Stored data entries
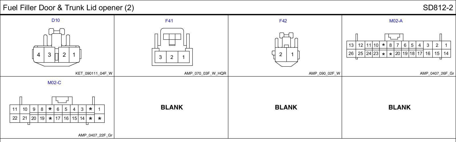 Fuel Filler Door & Trunk Lid Opener (2) Connector Pin Outs:
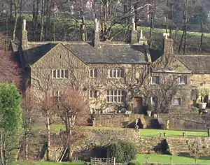 The hall is typical architecturally of many large yeoman farmers houses in South Yorkshire with well proportioned mullioned windows with diamond-shaped leaded lights. The hall faces south-west away from the road and takes in the extensive view across the Mayfield valley towards the Peak District. It is built in the shape of a letter L from course squared locally quarried stone with ashlars dressings. The 1620 datestone is above the front door, the outbuildings run at a right angle to the main house and include a carriage house. The interior features two ground floor rooms with fielded panelling with a Tudor arched stone doorway and a stone fireplace with moulded lintel.[4]
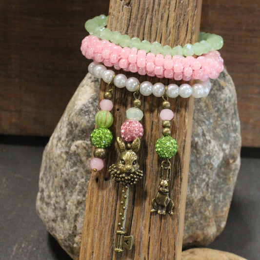 Flower Garden Pink Bunny Bracelet Set
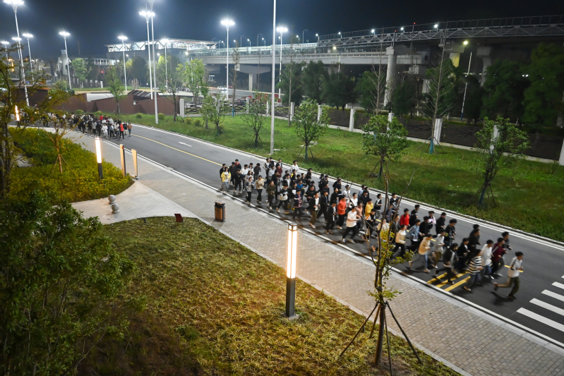 每晚9点10分,活动正式开始。晚风里夹杂着些许的凉意,但同学们热情高涨,环校跑步路线上的十三张航天展板指引大家前进的方向。在领跑员的带领下,大家沿着校园夜跑路线奔跑,没有排名之分、无速度之争,任汗水浸透衣衫。参跑者齐整的动作,构成了黑夜里一道健康向上的靓丽风景。学院团委学生会为大家准备了精美宇航员纪念品挂件,希望同学们都能像宇航员一样坚定理想、不畏困难、砥砺前行。电气203邓宇杰很喜欢这样的活动。他说,能和同学朋友一起夜跑,既能感受到运动的快乐,又能获得满满的集体荣誉感。
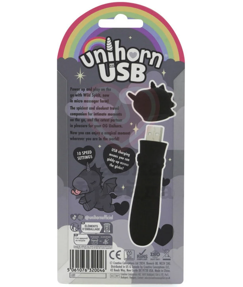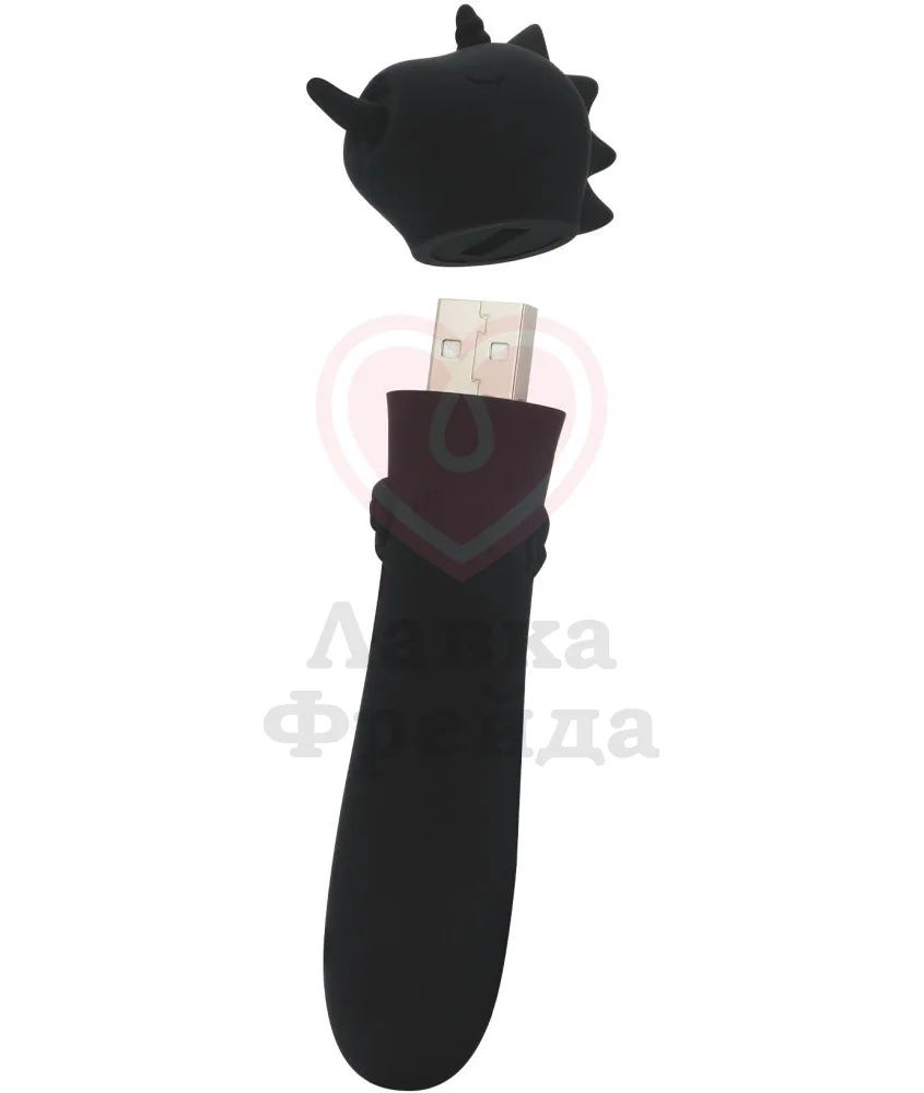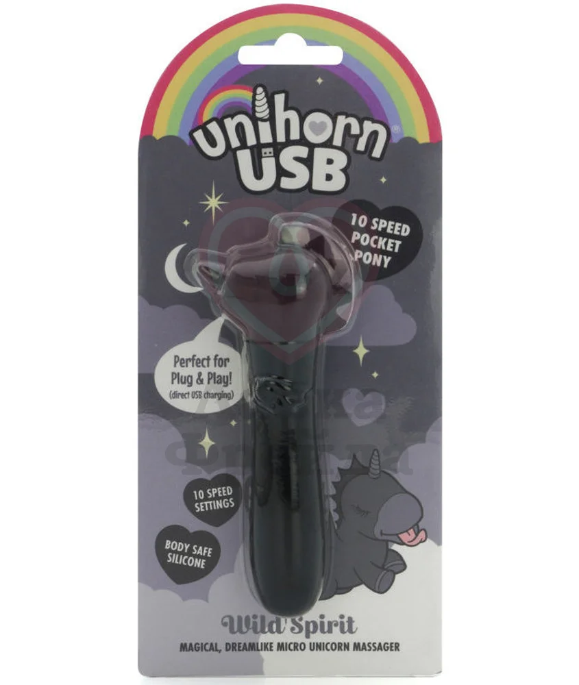 Unihorn Usb Wild Spirit - вибропуля в виде единорога, которая будет нежно стимулировать клитор 10 комбинируемыми режимами вибрации и движений язычком. Игрушка выполнена из медицинского силикона, представленного в глубоком чёрном цвете - материал, совместимый со смазками только на водной основе.
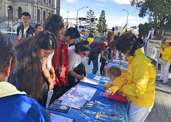 澳洲昆士兰部份法轮功学员在布里斯本市中心广场举行讲真相,征签活动,呼吁人们关注这场在中国发生的对法轮功的持续迫害。
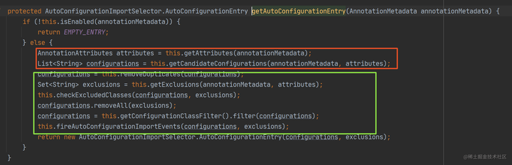 进入到getAutoConfigurationEntry 方法中可以看到主要是getCandidateConfigurations 来获取候选的 Bean,并将其存为一个集合;后续的方法都是在去重,校验等一系列的操作。
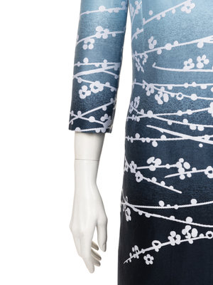 Blue ombré cotton blend jacquard long sleeve jacket with white flower and branch detail, clean neckline, and open front. Resort 2020.
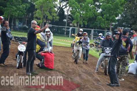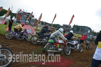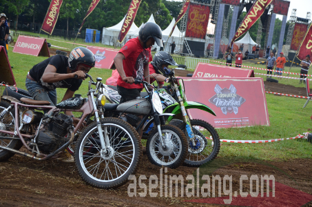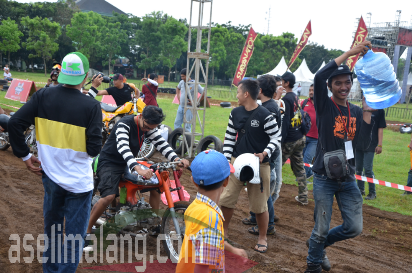 Masih dari even Suryanation Motorland 2016 yang digelar beberapa waktu lalu di Malang, Jawa Timur. Selain heboh dan seru berbagai acara termasuk gelaran utama yaitu kontes modifikasi ada lagi sebuah keseruan. Saia kurang begitu paham, apakah memang sudah disiapkan sejak awal oleh panitia, atau ide dadakan. Yang jelas, jadi rame dan heboh, menarik para penonton untuk mendekat ke lintasan yang sebelumnya dipakai balap retro. Apaan nih?

* _DIRECTIONS_:
Omit the pictures, then output every record exactly as given.

* _RESULT_:
 Fuel Filler Door & Trunk Lid Opener (2) Connector Pin Outs:
 The hall is typical architecturally of many large yeoman farmers houses in South Yorkshire with well proportioned mullioned windows with diamond-shaped leaded lights. The hall faces south-west away from the road and takes in the extensive view across the Mayfield valley towards the Peak District. It is built in the shape of a letter L from course squared locally quarried stone with ashlars dressings. The 1620 datestone is above the front door, the outbuildings run at a right angle to the main house and include a carriage house. The interior features two ground floor rooms with fielded panelling with a Tudor arched stone doorway and a stone fireplace with moulded lintel.[4]
 Flower Garden Pink Bunny Bracelet Set
 每晚9点10分,活动正式开始。晚风里夹杂着些许的凉意,但同学们热情高涨,环校跑步路线上的十三张航天展板指引大家前进的方向。在领跑员的带领下,大家沿着校园夜跑路线奔跑,没有排名之分、无速度之争,任汗水浸透衣衫。参跑者齐整的动作,构成了黑夜里一道健康向上的靓丽风景。学院团委学生会为大家准备了精美宇航员纪念品挂件,希望同学们都能像宇航员一样坚定理想、不畏困难、砥砺前行。电气203邓宇杰很喜欢这样的活动。他说,能和同学朋友一起夜跑,既能感受到运动的快乐,又能获得满满的集体荣誉感。
 Unihorn Usb Wild Spirit - вибропуля в виде единорога, которая будет нежно стимулировать клитор 10 комбинируемыми режимами вибрации и движений язычком. Игрушка выполнена из медицинского силикона, представленного в глубоком чёрном цвете - материал, совместимый со смазками только на водной основе.
 澳洲昆士兰部份法轮功学员在布里斯本市中心广场举行讲真相,征签活动,呼吁人们关注这场在中国发生的对法轮功的持续迫害。
 进入到getAutoConfigurationEntry 方法中可以看到主要是getCandidateConfigurations 来获取候选的 Bean,并将其存为一个集合;后续的方法都是在去重,校验等一系列的操作。
 Blue ombré cotton blend jacquard long sleeve jacket with white flower and branch detail, clean neckline, and open front. Resort 2020.
 Masih dari even Suryanation Motorland 2016 yang digelar beberapa waktu lalu di Malang, Jawa Timur. Selain heboh dan seru berbagai acara termasuk gelaran utama yaitu kontes modifikasi ada lagi sebuah keseruan. Saia kurang begitu paham, apakah memang sudah disiapkan sejak awal oleh panitia, atau ide dadakan. Yang jelas, jadi rame dan heboh, menarik para penonton untuk mendekat ke lintasan yang sebelumnya dipakai balap retro. Apaan nih?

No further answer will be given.